Tuesday, October 6, 2009

Prepaid cards doubted for number of fees

In an article at the New York Times recently, Andrew Martin looks at the current effects prepaid cards are having on the banking industry. The industry has really expanded over the past decade, and is a way for those who can't bank in the United States, which may be up to 80 million Americans. The article points out that once many customer easily obtain these cards, they are faced with many fees that may have been written in the small print. The fees begin at activation, and continue often through every deposit and withdraw, to every customer service call and monthly feeds from the card.

Congress has yet to examine the rules and regulations with these cards, and many consumer advocate groups are calling out against the numerous fees that often go unnoticed by the consumers until they add up to great amounts of the original deposit. Many companies are beginning to pay their consumers with prepaid cards if they don't have direct deposit, which also brings up some questions as to whether this is fair for consumers. With the introduction of WalMart's MoneyCard, which follows through on low fees for the consumer, fees are falling throughout the industry.
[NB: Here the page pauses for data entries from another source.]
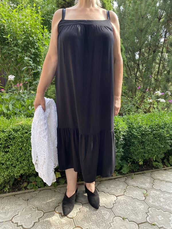 Літній сарафан чорного кольору. Дизайн мінімалістичний, нічого зайвого і обтяжливого. Сарафан на тонких бретельеах. Силует вільний, на спідниці ще ярус. Склад 100% віскоза. Тканина типу жатки.Довжину бретельки можна регулювати. По спинці резинка, щоб щільно прилягало. Зручно в спекотний день на відпочинку. До сарафана я далі виставлю білу мереживну накидку, яка створює чудовий ансамбль для літнього відпочинку. Сарафан розмір 16-18. Я приміряю на 18(44), 165 см . Мені комфортно. Дивіться заміри і замовляйте безпечну оплату, щоб приміряти . Заміри: НОГрудей 58 см Замір вище грудей де резинка по спинці 52 см ( під пахвами) Талія 64 см ( сукня вільна) Довжина від бретельки до низу 123 см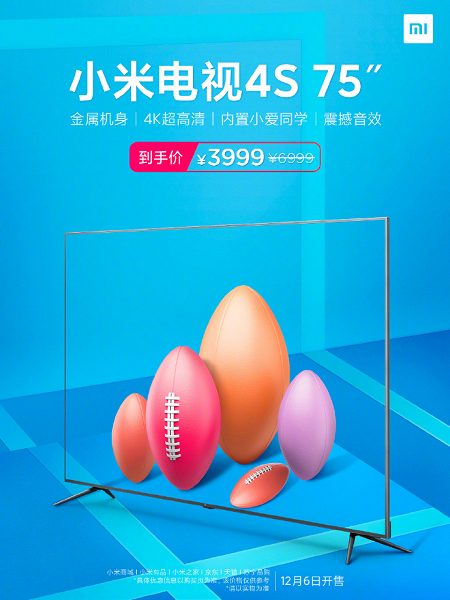 75-дюймовый 4K-телевизор Xiaomi Mi TV 4S подешевел более чем вдвое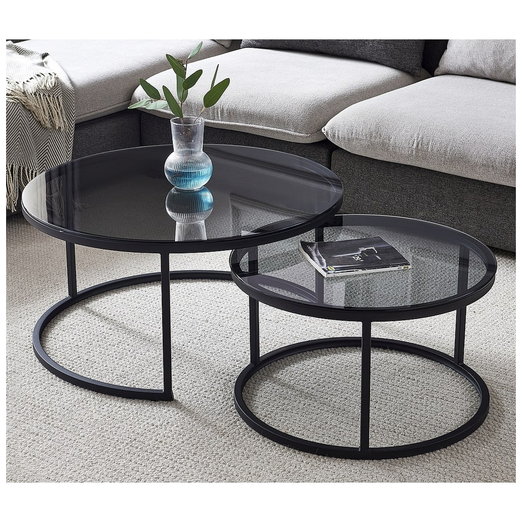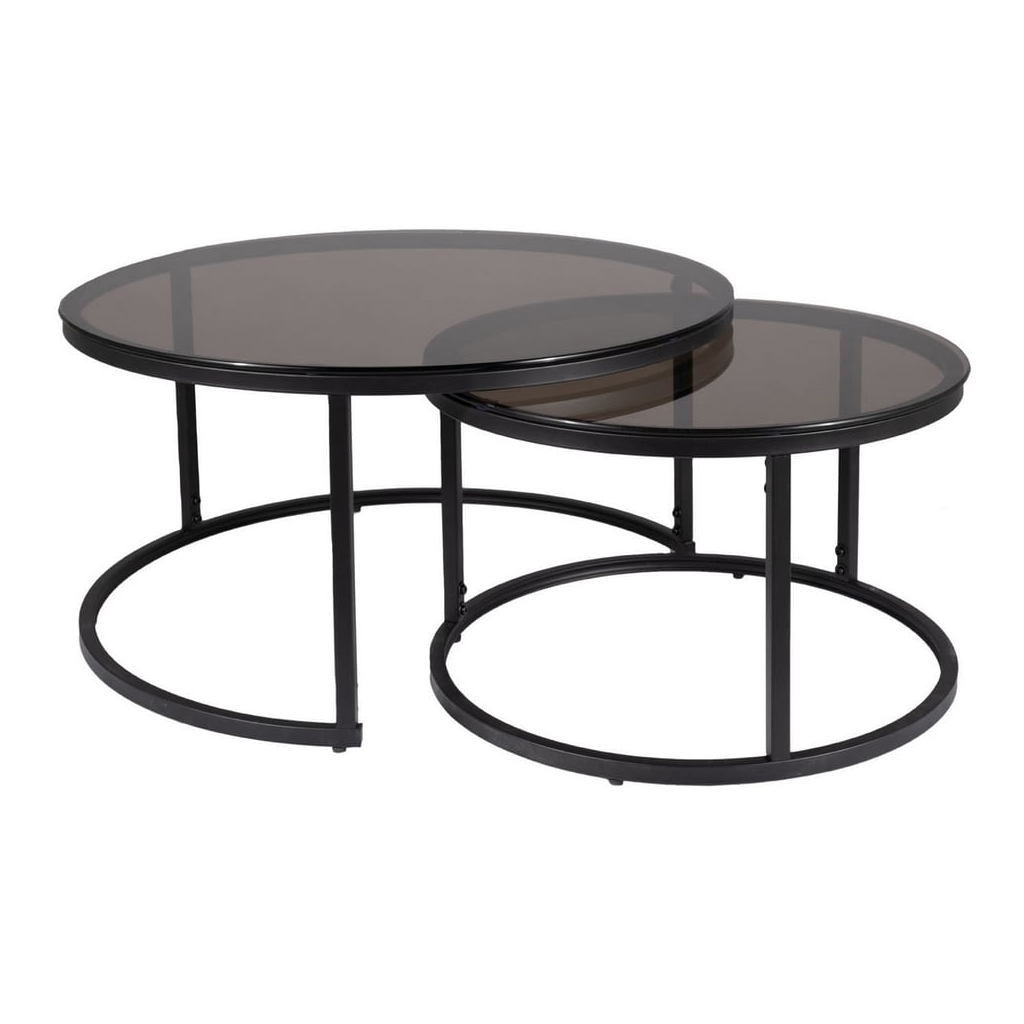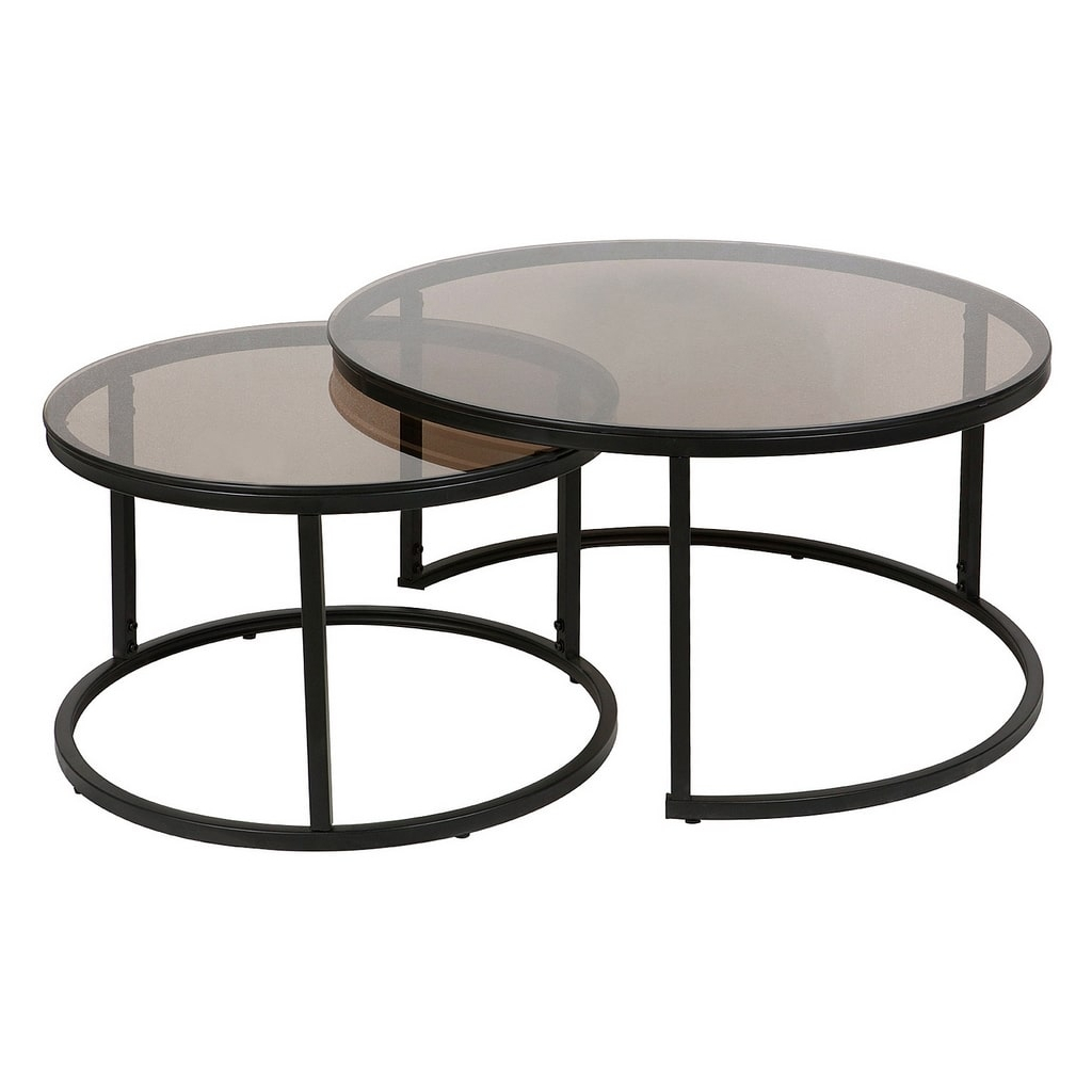Oba stolky mají kruhovou desku z tvrzeného skla, kterou nese černá kovová podnož. U této varianty mají oba stolky průhlednou kouřovou desku.

Prepaid cards may be the only choice for some of the users, as they have no real way to open a bank account and receive their income other than to preload it on this card. It can also be used as an option for money management. But now that consumers are calling for protection from the industry, how do you think this will evolve and change the industry? I think WalMart's new card, which does reduce the number of fees, will have an effect on the industry, but it is only a matter of time before Congress looks at the cards and begins to regulate them.